Immigration
Overseas Migration Pushing Australia’s Population Growth, Says New Data
Registering an increase of 2.7 per cent, Melbourne is the fastest growing city with 4.9 million residents in 2017, Australian Bureau of Statistics data showed.
Overseas migration is driving the population growth in Australian cities like Melbourne, Sydney and Brisbane. These cities made up for more than 70 per cent of Australia’s population growth in 2017, according to the figures released by Australian Bureau of Statistics (ABS) on April 24. The nation’s estimated resident population reached 24.6 million as of June 30 2017, SBS News reported.
As per the data, Sydney is the country’s largest city with record 5.1 million residents last year. It showed a growth of two per cent by having more than 101,000 more residents. More than 80 per cent of these residents came from overseas. The data also shows that more Australians left Sydney between 2016 and 2017 than moving in–causing the net migration to fall.
“Net overseas migration was also the major contributor to Sydney’s population growth, at 84,700 people, although, unlike Melbourne, the Harbor City experienced a net internal migration loss of 18,100 people,” ABS report stated as per SBS News.
According to the ABS, this denoted that more people left Sydney for other parts of Australia than arrived. Sydney lost most people to other parts of New South Wales and Melbourne.”
Registering an increase of 2.7 per cent, Melbourne is the fastest growing city with 4.9 million residents in 2017. “In Melbourne, net overseas migration was the major contributor to population growth, adding 80,000 people in 2016-17, or 64 per cent of total population change” as per ABS. ABS pointed out that natural increase contributed 29 per cent, while net internal migration accounted for 7.3 per cent of population growth.
Natural increase is a term to denote births less deaths of the time period mentioned.
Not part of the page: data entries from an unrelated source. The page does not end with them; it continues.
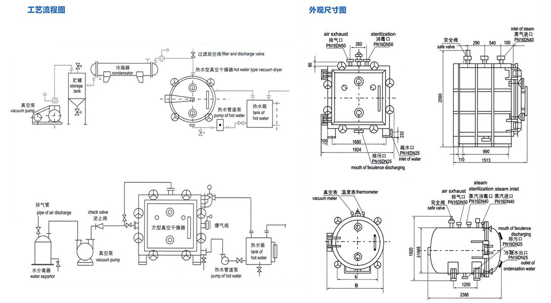 1.干燥器身:根據(jù)不同的生產(chǎn)要求,干燥器身可由A3鋼板或A3鋼板內(nèi)貼1Cr18Ni9Ti不銹鋼板或1Cr18Ni9Ti不銹鋼板制作。1Cr18Ni9Ti不銹鋼板器壁便于清洗,有利于達(dá)到藥物的無(wú)菌要求,對(duì)酸堿具有良好的防腐蝕作用。器身前后設(shè)有三個(gè)視鏡,便于觀察物料干燥情況,視鏡襯墊系由硅橡膠制作,既密封又適用藥物無(wú)毒干燥要求。器身上設(shè)有真空表和溫度計(jì),還設(shè)有消毒口,用于對(duì)物料干燥前或干燥中后期的消毒和保護(hù)。消毒氣體和保護(hù)氣體由用戶自擇,消毒過(guò)程中必須關(guān)閉真空泵與真空閥門,消毒結(jié)束關(guān)閉消毒口后,才能開啟真空泵打開真空閥門抽真空。如需無(wú)菌操作,應(yīng)配備蒸汽過(guò)濾器(用于消毒口)及空氣過(guò)濾器(用于放空閥口)??紤]到消毒口輸入蒸汽壓過(guò)高,器身上還裝有安全閥用于保護(hù)。器身上設(shè)有一個(gè)蒸汽進(jìn)口(或熱水出口),器身底下設(shè)有疏水器接口(或熱水進(jìn)口)排污口。
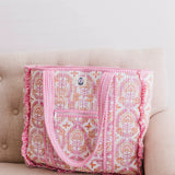 Introducing the Heart of Grace Designs Quilted Luxe Tote—a perfect blend of elegance and everyday functionality. Crafted with thick-grade quilting, this stylish tote offers a plush, high-end feel, enhanced by a contrasting border printfor a refined touch. Designed for practicality, it features a convenient exterior pocket, ideal for easy access to your essentials. With a spacious, open-top design, this tote is perfect for carrying everything from daily necessities to weekend getaway must-haves.
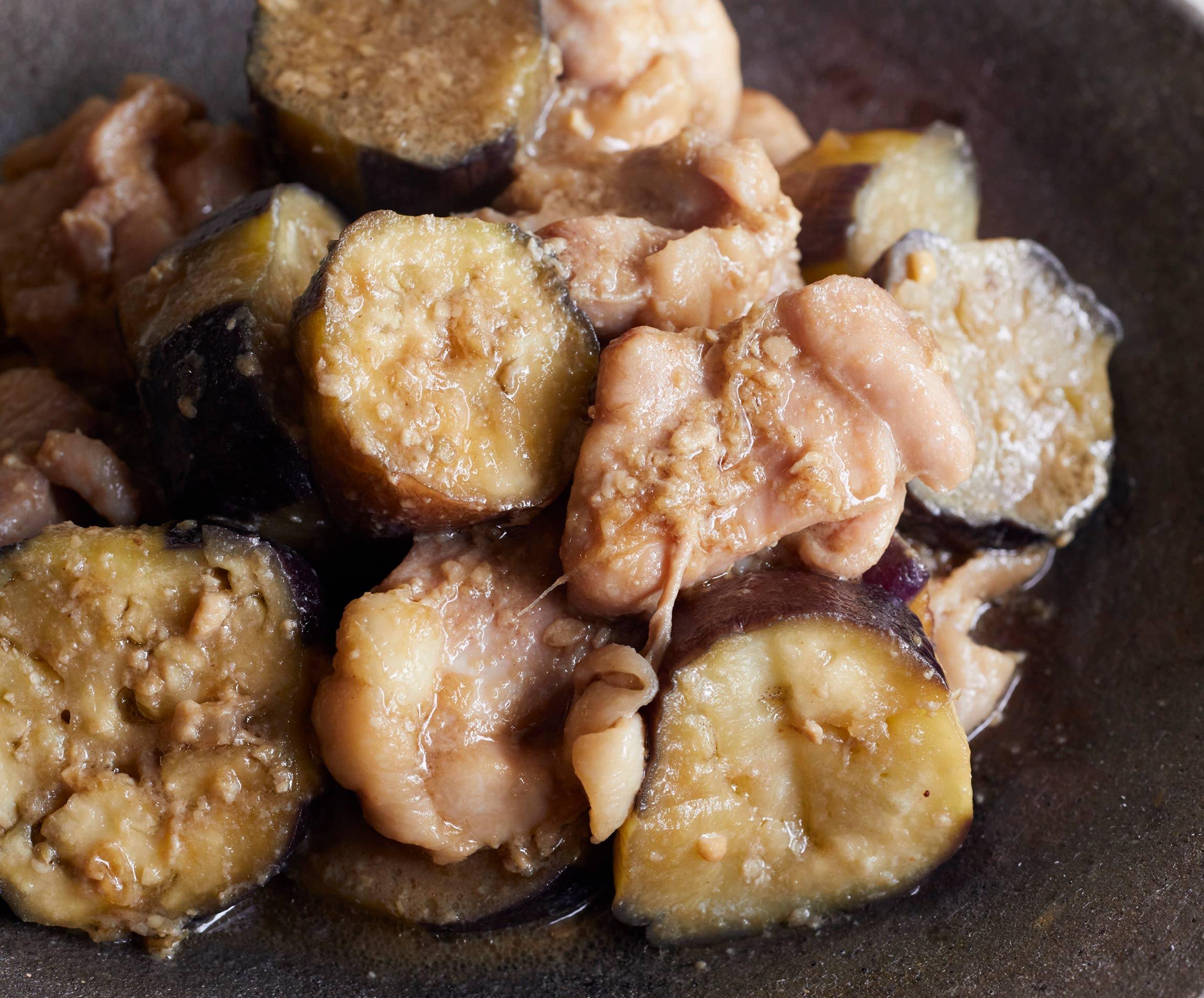 フライパンの底面全体にサラダ油を塗り、なすの切り口を上下にして並べ、鶏肉をのせる。蓋をして中火にかけ、煮たってきたら弱火にして10~12分蒸し煮する。なすがやわらかくな ったら全体を混ぜて器に盛る。

Brisbane saw a growth of two per cent, while the capital city Canberra saw a growth of 1.7 per cent. Brisbane became the country’s third largest growing city with a population growth of 47,982.
The population in Darwin, Hobart, Adelaide and Perth rose by about one per cent. In Adelaide, there was an addition of a total of 9,648 people in the city’s 1.3 million population, which included 9,610 immigrants. Darwin, however, is Australia’s slowest growing state capital with a growth of 696 people, Dailymail.com reported.
Net migration made up for an extra 80,000 residents in Melbourne and 84,000 in Sydney. As per the data, if Melbourne continues to grow at the same rate, it will overtake Sydney’s population in about eight years, the trends say, The Australian reported.
According to Louis Gates from ABS, it is the first time the agency has included data on factors that drove the exponential population growth in the cities and regions. “So, Sydney and Melbourne are mostly net overseas migration so that means more people arrive from overseas than left. In Canberra and in Darwin it’s a more natural increase, more babies are being born,” Gates was quoted as saying by SBS News.
Meanwhile, the Australian government has recently passed a scheme that would increase the earning threshold that would enable immigrants to sponsor their relatives’ visa applications. The scheme has been active since April 1.